Executive Summary
The Federal Financial Control (EFK) has reviewed the Swiss Army's project to separate civilian and military IT systems. The report from Monday confirms the project has solid foundations but warns of significant implementation risks. The EFK criticizes missing success metrics, incomplete overall planning, and personnel vacancy risks. The project was initiated in 2016 following a cyberattack on Ruag; to date 116 million francs have been spent, with a further 100 million planned for the phase starting mid-2026.
People
- Daniel Keller (Chief of Army Staff)
- Robert Scheidegger (Deputy Secretary General VBS)
Topics
- Cybersecurity & IT Security
- Swiss Defense Policy
- Defense and Military IT
- Government IT Governance
Clarus Lead
The project reveals a classic implementation dilemma: While the political intent following the 2016 cyberattack is legitimate, the financial control shows that the Army has underestimated risks.

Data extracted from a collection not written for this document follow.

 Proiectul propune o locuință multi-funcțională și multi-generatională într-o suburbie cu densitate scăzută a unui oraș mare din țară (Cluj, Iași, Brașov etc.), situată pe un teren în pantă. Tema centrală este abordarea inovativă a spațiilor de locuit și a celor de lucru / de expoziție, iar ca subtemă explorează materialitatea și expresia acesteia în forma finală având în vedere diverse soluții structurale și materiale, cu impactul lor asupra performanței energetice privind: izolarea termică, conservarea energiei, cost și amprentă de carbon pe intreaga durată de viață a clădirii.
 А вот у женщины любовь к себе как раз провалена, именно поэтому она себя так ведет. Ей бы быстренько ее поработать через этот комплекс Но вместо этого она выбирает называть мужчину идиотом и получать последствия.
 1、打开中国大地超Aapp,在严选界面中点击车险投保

The change in Army leadership (end of 2025) amplifies implementation risks at a critical phase – a signal of deficits in personnel planning for long-term government projects.
Detailed Summary
The EFK identifies several structural weaknesses. First, there is a lack of precise definition of benefits: there are no established instruments to measure or demonstrate planned efficiency gains. This complicates both justification to Parliament and internal project management. Second, there is incomplete overall planning – evidence that the complexity of the separation was underestimated. Third, there are no financial incentives for decommissioning outdated systems, which could lead to duplicate structures.

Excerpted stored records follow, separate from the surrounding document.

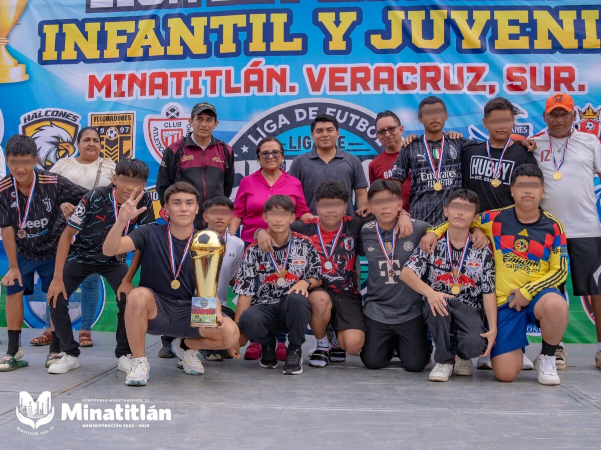 Minatitlán, Ver .- La Presidenta Municipal de Minatitlán, Dra. Carmen Medel Palma, participó en la ceremonia de premiación de la Liga de Formación Infantil y Juvenil de Fútbol, realizada en el Polideportivo, donde reconoció el esfuerzo y dedicación de niñas, niños y jóvenes deportistas.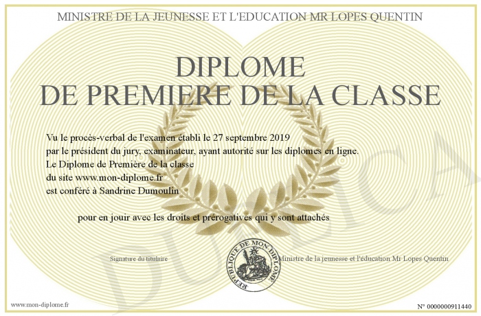 Envoyez par email votre Diplôme de Première de la classe personalisé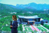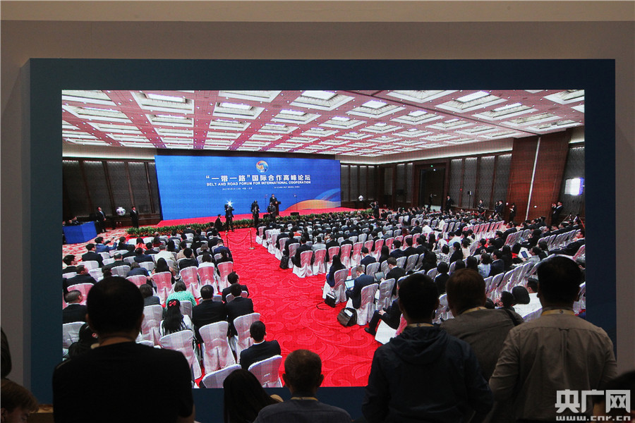 在“一帶一路”國(guó)際合作高峰論壇新聞中心內(nèi),一名記者正在背景為北京雁棲湖國(guó)際會(huì)議中心的電子屏幕前出鏡。(央廣網(wǎng)記者 韓靖 攝) -

The Defense Department emphasizes acceptance of all recommendations and controlled budgeting. Daniel Keller assures planned progress. Robert Scheidegger uses the metaphor of changing a wheel on a moving car – a warning about the difficulty of transforming critical systems during operation.
Key Messages
- The Federal Financial Control confirms the IT separation project has foundations but warns of implementation risks and success measurement.
- Missing benefit metrics and incomplete planning jeopardize the credibility of the 216-million-franc project (116 million spent to date + 100 million planned).
- The leadership change at the Army end of 2025 is rated as a critical risk for continuity and competence.
Critical Questions
Source Quality: What specific metrics does the EFK propose to make efficiency gains measurable? The report criticizes but offers no alternatives.
Conflicts of Interest: To what extent do external IT service providers benefit from extended project timelines and missing performance targets?
Causality: Is the 2016 cyberattack really the cause of today's separation, or was this already planned and merely accelerated?
Feasibility: What technical expertise is lost with the change in Army leadership, and how is succession risk specifically mitigated?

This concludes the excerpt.